Цинический реализм как он есть

— Ну что, пойдёшь в армию.

Подобрав отвисшую челюсть, автор этих строк робко поинтересовался:

— Как это?

— Пойдёшь в армию. Весной.

— А отсрочка? По закону положена отсрочка!

Военком открыл лежавшую на столе брошюрку и прочёл статью Закона, гласившую, что работающий в школе педагог подлежит призыву на действительную воинскую службу по окончании учебного года — в весенний призыв.

— Разрешите? — Я пробежался глазами по строчкам и на той же странице отыскал другую статью, куда более соответствующую моему случаю: учитель с высшим педагогическим образованием, работающий в сельской школе, получает отсрочку от военной службы на всё время работы — то есть, вообще не призывается.

Твердолобый милитарист отказался считать меня человеком с высшим педагогическим образованием:

— Как называлось твоё учебное заведение? Нижегородский Государственный Университет. Где слово «педагогический» в названии? Нету.

— Что же, — говорю, — меня все эти годы обманывали, когда говорили, что я получаю высшее педагогическое образование? Да и ваш коллега из военкомата города Бор подтвердил, что я имею по закону отсрочку как сельский учитель.

Военком замолчал. Я почти слышал, как в бронетанковой башке со скрипом вертятся какие-то колёсики.

— Ну, — сказал он неуверенно. — Во-первых, тебе нужно принести справку, что твоя школа является сельской…

— Пожалуйста!

Получив требуемое, военком куда более нерешительно, совсем не по-армейски, добавил:

— А ещё нужна справка, что ты действительно там работаешь…

— Извольте!!

Он мялся:

— Всё б ничего, но вот название твоего университета. Было бы слово «педагогический», вопросов бы не было… Ладно, сейчас, чтобы все вопросы отпали, позвоним адвокату.

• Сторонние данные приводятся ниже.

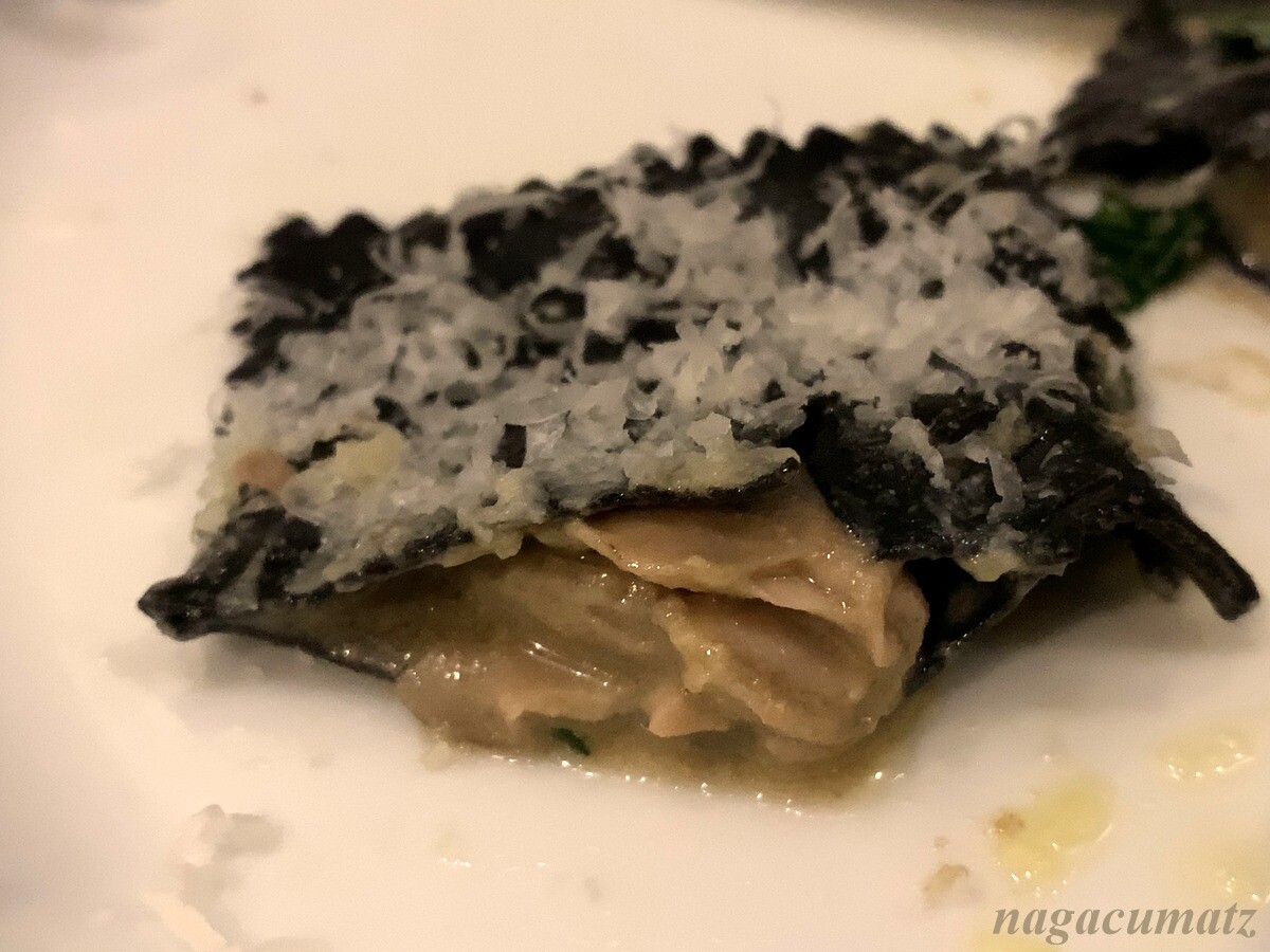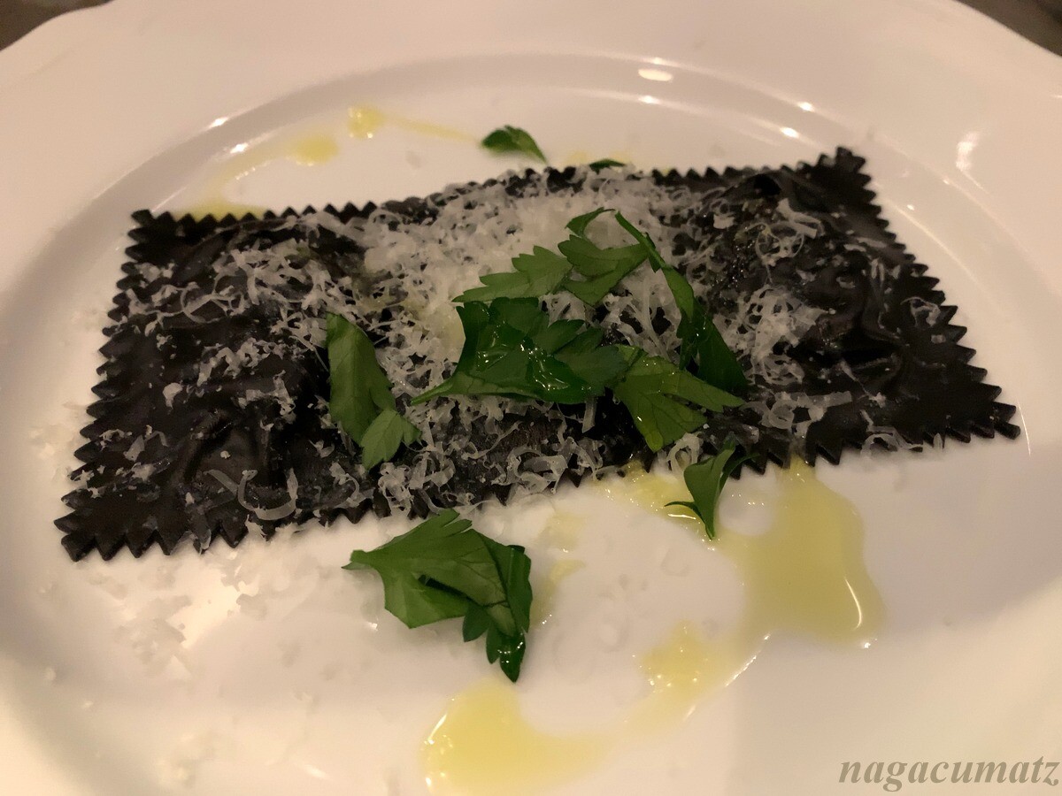 イカスミのラビオリ 牡蠣とクルミのペースト 1580円。牡蠣がゴロンゴロンと入っている。

С юристом говорил недолго, поглядывая на ксерокопию моего диплома:

— Тут парень претендует на отсрочку… Закончил ННГУ… Специальность — филолог, преподаватель. Да, есть слово «преподаватель». Да, — военком повесил трубку и как ни в чём не бывало произнёс:

— Ну что же, работай сколько душе угодно. Никто тебя не побеспокоит.

И произнёс небольшую речь следующего содержания: я, мол, считаю, что каждый парень должен послужить в армии, но согласен также и с тем, что каждому — своё.

Этакий вояка-либерал!

Из здания я вышел еле живой, доплёлся до склона холма, на котором стоит городок — центр небольшого района, затерянного в глубине области. Здесь, в пяти минутах ходьбы от военкомата, была отличная скамеечка, с которой можно было полюбоваться на реку Ветлугу. Долго приходил в себя. Тело моё, хлебнувшее могильного холода, вновь набиралось жизненных сил.

Вот и начало моей небольшой книги. О чём она?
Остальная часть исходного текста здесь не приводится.